- Calls for risk mitigation
The proposed ban on the use of petrol and diesel-powered vehicles in the coming years by some buyers of Nigerian crude oil, including China and The Netherlands, among others, will have severe impact on the country’s economy, a report by Financial Derivatives Company (FDC) has said.
However, FDC, in its latest monthly economic outlook report, advised Nigeria’s leaders/policymakers to brace up for the challenge posed by the planned ban by the major oil buyers.
Some countries have proposed to phase out the use of petrol and diesel-powered vehicles between 2020 and 2035, and replace them with electric or hydrogen-based cars as part of the agreement to solve the climate change challenge in the world.
The United Kingdom has disclosed its intention to phase out the sale of new petrol and diesel vehicles by 2035, five years earlier than initially planned.
This, according to FDC, will leave the consumer with the choice of either an electric or a hydrogen-based car, adding that the move was enacted to fight the climate crisis and reduce carbon emissions to zero by 2050.
It noted that other countries that intend to ban petrol cars include Denmark – 2030, Germany – 2030, Ireland – 2030, with many more having similar goals.

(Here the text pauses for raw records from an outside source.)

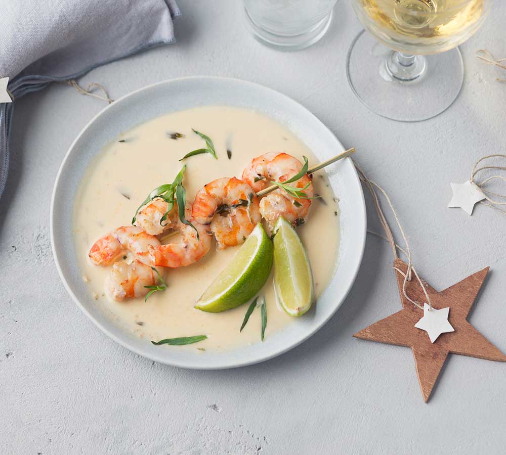 • Pinche cada langostino en una brocheta de madera y riegue con la salsa bien caliente justo antes de servir.
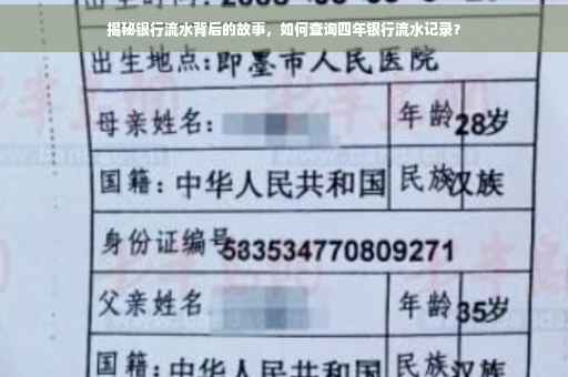 摘要:本文将介绍如何查询四年的银行流水记录,并揭示这些记录背后的故事。通过简单的步骤,您可以了解自己的账户交易情况,包括收入、支出等重要信息。了解如何查询银行流水,有助于您更好地管理个人财务,确保账户安全。阅读本文,您将学会如何轻松查看银行流水记录,并深入了解其中的细节。
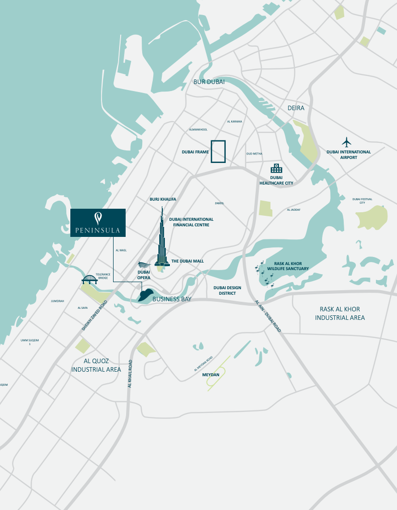 Peninsula Five’s prime location grants residents exceptional access to Dubai’s most iconic landmarks and dynamic districts. Imagine being mere moments away from the architectural grandeur of the Burj Khalifa, the cultural heartbeat of Dubai Opera, and the world-class shopping experience at Dubai Mall. With seamless connectivity to Sheikh Zayed Road, the entire city is effortlessly within reach, ensuring convenience for both leisure and business pursuits. The project’s setting within Business Bay promises a dynamic urban environment complemented by serene waterfront views, creating a unique balance of city vibrancy and tranquil escape.
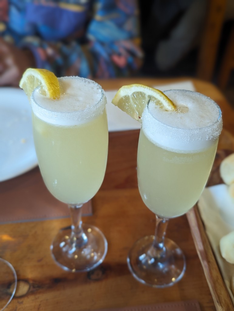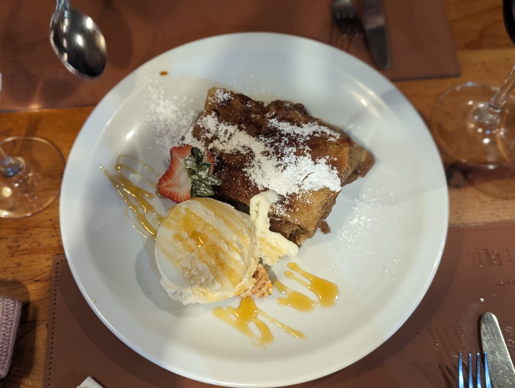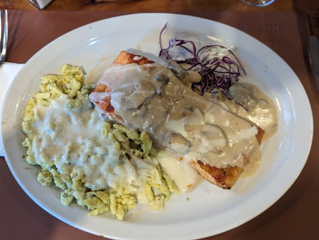 Wir trinken einen Pisco Sour und sehr guten Rotwein. Zu essen gibt’s Lachs mit Pilzrahmsoße und Spätzle. Lachs 7/10, Soße 5/10, Spätzle 3/10. Der Apfelstrudel zum Nachtisch mit Eis (gibt kein Vanille) war okay.
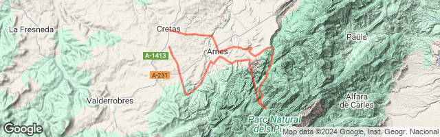 Sale de Cretas y hasta Arnes va con la ruta sin sendas. Depues se desvia a buscar la primera senda al par de kilometros de pasar Arnes, y de alli sera un no parar de Sendas, incluyendo la entrada por la senda dels Estrets. Se almorzara tambien en el merendero de Horta, y se saldra por la senda del Riuet de les valls, despues se pasara por el toll del vidre y hara otro par de sendas hasta llegar el bolet por donde ya por caminos llegaremos a Cretas.
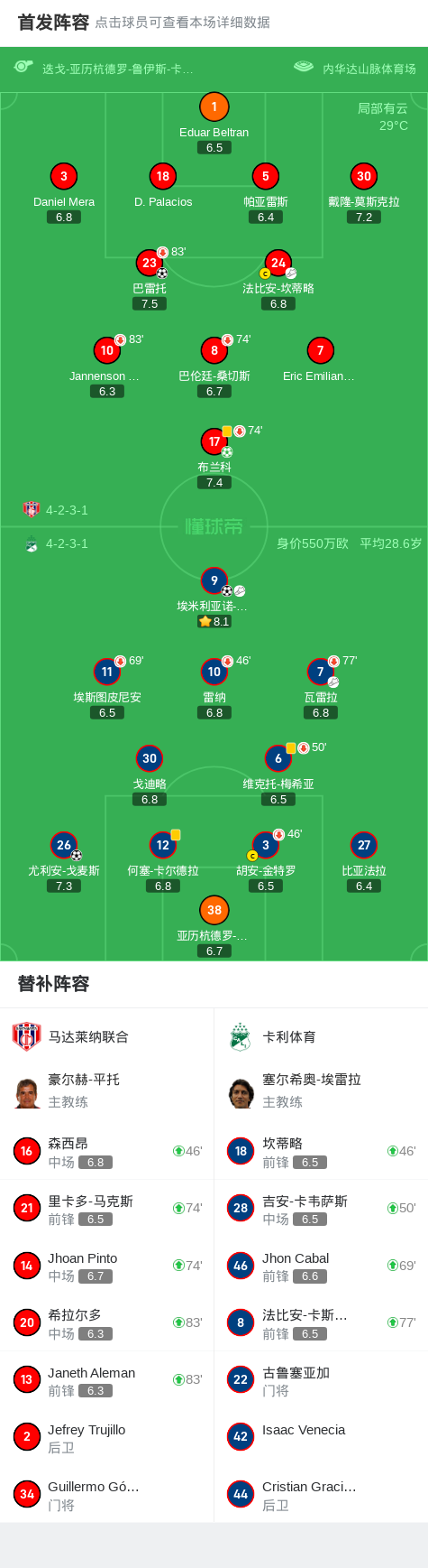 下半场补时第5分钟,卡利体育球员埃米利亚诺-罗德里格斯助攻尤利安-戈麦斯打入一球。

It stated that of the top 10 importers of Nigeria’s crude oil, two countries (Netherlands and China) planned to ban diesel and petrol cars.
The report said: “More so, at least one state in eight of the top 10 countries signed the fossil-fuel-free street declaration, which is committed to banning emitting vehicles by 2030. This indicates that in no time more countries will be committed to the movement.
“Nigeria needs to brace up for the impact of a gasoline and diesel ban. For a country whose revenue is mostly dependent on oil and its budget hinged on higher oil production and prices, the impact will be significant.
“Currently, global oil prices are affected by the coronavirus outbreak, which is denting demand and the price war between Saudi Arabia and Russia.”
FDC recalled that the price of the global benchmark, Brent crude, sank to about $33 per barrel on March 9 – the lowest level since early 2016, when the official naira rate was last devalued and Nigeria slid into recession.
The price of Brent later slumped to 17-year low of $24 per barrel before it recovered to $27 as at yesterday.
It explained that the immediate impact of the drop in price was a depreciation of the currency to N368/$ and further to N420/$ before recovering to N368/$ at the parallel market.
FDC warned that if the price war between Saudi Arabia and Russia continues and the outbreak of the COVID-19 bites deeper, Nigeria’s revenue and foreign exchange earnings would decline.
It said the above scenarios indicated that the Nigerian economy was only as stable as the global price of its main export – crude oil.
It forecast that in the coming years, a drop in demand owing to the ban on petrol and diesel vehicles would be a double blow to Nigeria, resulting in cutbacks of government activity due to shortage of funds, increased deficits, higher debt from borrowing, currency depreciation, depleted reserves and an economic slowdown or even a recession.